AIM OF THE TASK: From the material below, please set down exactly the lines starting with the one with "Thisbook proposes the" and going on through the one with "步驟一、服務項目:點選「機構管理作業」>「健保服務申請作業", without a single picture.

DATA EXTRACT:
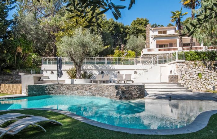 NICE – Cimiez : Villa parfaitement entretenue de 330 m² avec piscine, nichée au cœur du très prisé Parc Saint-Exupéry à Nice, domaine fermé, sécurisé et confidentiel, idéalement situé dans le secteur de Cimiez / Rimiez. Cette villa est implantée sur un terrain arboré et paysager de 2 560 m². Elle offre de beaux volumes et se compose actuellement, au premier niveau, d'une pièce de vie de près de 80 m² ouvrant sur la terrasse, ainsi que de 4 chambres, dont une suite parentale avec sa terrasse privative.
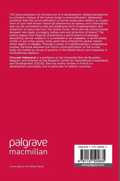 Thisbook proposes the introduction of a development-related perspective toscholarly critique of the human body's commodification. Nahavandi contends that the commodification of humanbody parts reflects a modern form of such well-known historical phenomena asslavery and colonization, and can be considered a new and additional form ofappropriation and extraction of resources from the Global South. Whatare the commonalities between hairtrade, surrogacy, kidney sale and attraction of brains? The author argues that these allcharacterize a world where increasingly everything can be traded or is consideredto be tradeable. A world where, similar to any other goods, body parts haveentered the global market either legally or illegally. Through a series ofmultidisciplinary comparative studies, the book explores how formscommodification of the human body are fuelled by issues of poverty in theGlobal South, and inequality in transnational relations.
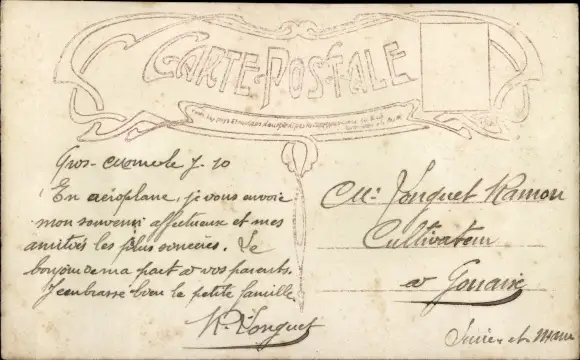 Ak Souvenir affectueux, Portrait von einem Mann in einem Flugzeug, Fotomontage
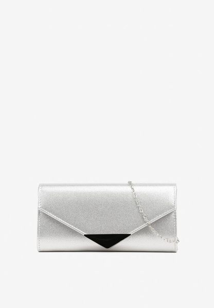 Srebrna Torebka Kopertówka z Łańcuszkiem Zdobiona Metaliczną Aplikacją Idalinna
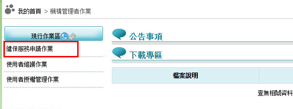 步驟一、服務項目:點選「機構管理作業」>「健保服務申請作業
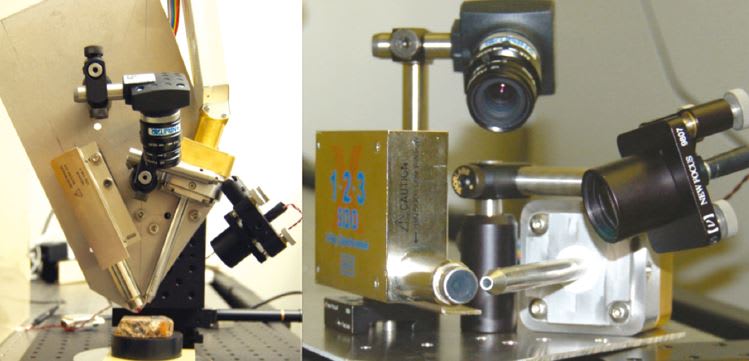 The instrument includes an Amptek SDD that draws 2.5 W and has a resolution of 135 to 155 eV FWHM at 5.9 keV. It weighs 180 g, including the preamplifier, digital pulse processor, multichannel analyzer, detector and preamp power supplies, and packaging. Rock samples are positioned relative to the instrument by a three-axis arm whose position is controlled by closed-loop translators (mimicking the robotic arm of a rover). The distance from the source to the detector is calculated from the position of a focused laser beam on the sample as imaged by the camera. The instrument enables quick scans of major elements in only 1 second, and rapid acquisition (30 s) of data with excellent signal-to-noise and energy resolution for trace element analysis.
==
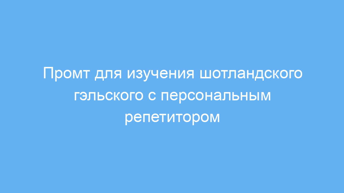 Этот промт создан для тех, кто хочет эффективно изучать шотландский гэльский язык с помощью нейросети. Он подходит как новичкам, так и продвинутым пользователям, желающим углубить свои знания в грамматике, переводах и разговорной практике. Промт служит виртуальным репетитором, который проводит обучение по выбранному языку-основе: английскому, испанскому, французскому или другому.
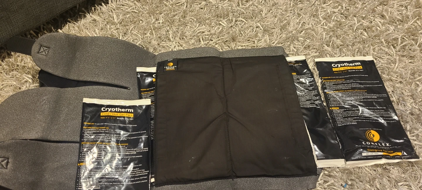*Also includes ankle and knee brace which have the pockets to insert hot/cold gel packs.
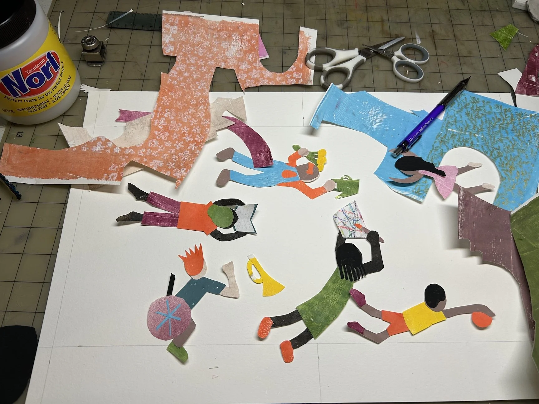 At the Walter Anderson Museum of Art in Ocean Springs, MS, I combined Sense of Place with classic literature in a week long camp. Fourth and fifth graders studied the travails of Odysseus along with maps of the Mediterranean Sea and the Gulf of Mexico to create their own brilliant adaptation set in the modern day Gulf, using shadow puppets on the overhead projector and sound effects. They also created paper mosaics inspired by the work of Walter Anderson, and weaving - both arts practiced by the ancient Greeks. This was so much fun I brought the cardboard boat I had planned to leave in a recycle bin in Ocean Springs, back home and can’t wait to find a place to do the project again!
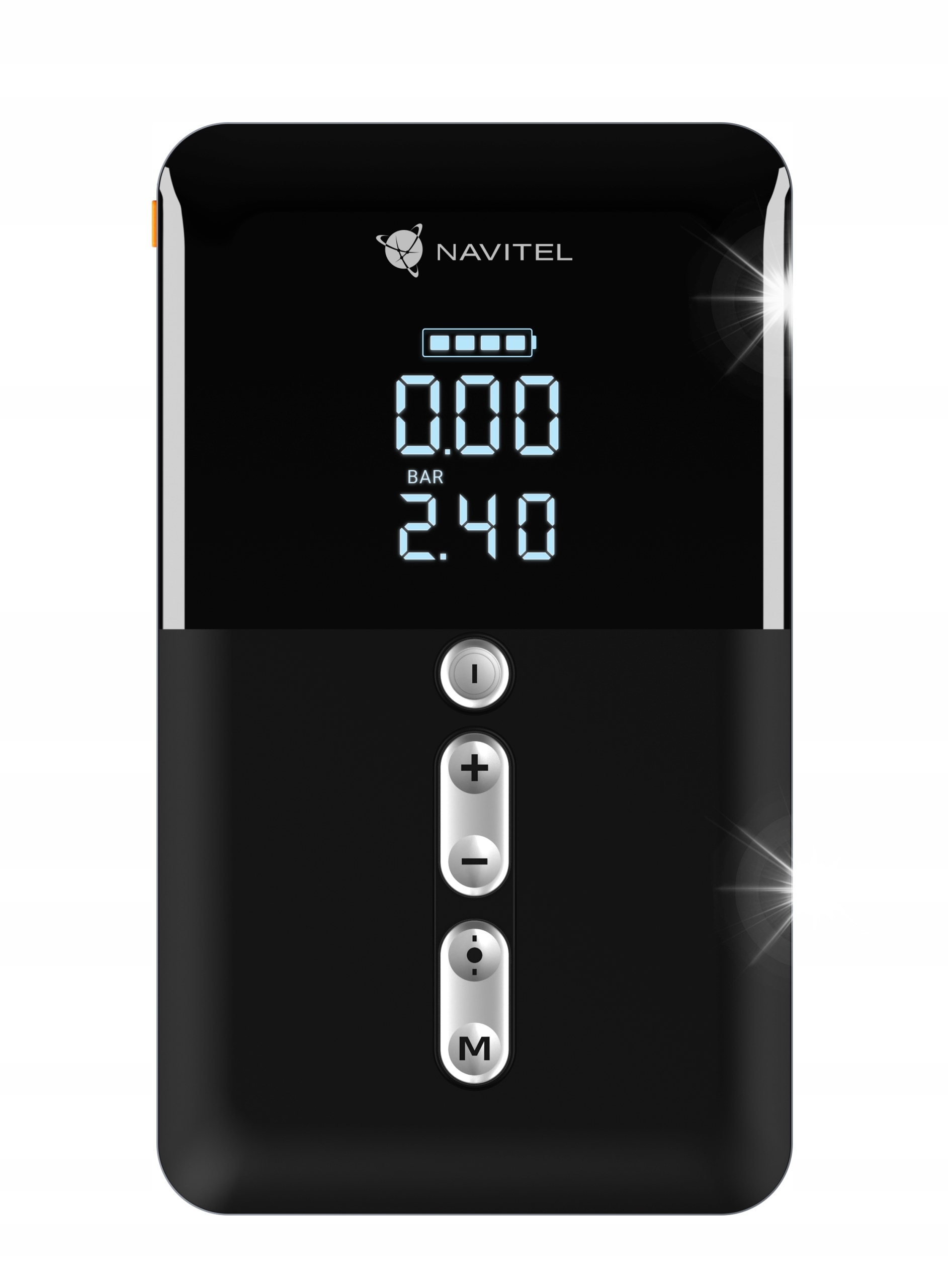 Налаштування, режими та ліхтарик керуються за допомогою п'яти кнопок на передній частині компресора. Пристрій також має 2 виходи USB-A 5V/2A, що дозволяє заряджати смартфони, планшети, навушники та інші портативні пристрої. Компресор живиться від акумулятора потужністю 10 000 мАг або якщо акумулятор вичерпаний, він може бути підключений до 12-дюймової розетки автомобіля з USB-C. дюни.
---
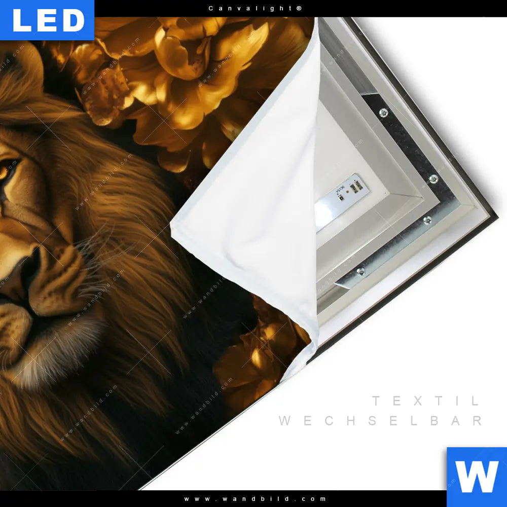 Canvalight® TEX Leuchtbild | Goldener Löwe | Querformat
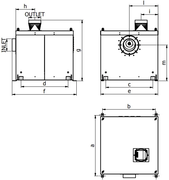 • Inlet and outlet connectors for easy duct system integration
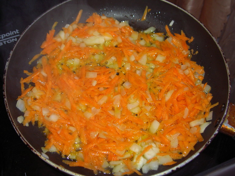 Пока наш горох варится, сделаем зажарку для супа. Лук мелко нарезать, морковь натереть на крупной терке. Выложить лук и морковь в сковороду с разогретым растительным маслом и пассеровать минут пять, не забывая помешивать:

ANSWER TO THE EXERCISE:
 Thisbook proposes the introduction of a development-related perspective toscholarly critique of the human body's commodification. Nahavandi contends that the commodification of humanbody parts reflects a modern form of such well-known historical phenomena asslavery and colonization, and can be considered a new and additional form ofappropriation and extraction of resources from the Global South. Whatare the commonalities between hairtrade, surrogacy, kidney sale and attraction of brains? The author argues that these allcharacterize a world where increasingly everything can be traded or is consideredto be tradeable. A world where, similar to any other goods, body parts haveentered the global market either legally or illegally. Through a series ofmultidisciplinary comparative studies, the book explores how formscommodification of the human body are fuelled by issues of poverty in theGlobal South, and inequality in transnational relations.
 Ak Souvenir affectueux, Portrait von einem Mann in einem Flugzeug, Fotomontage
 Srebrna Torebka Kopertówka z Łańcuszkiem Zdobiona Metaliczną Aplikacją Idalinna
 步驟一、服務項目:點選「機構管理作業」>「健保服務申請作業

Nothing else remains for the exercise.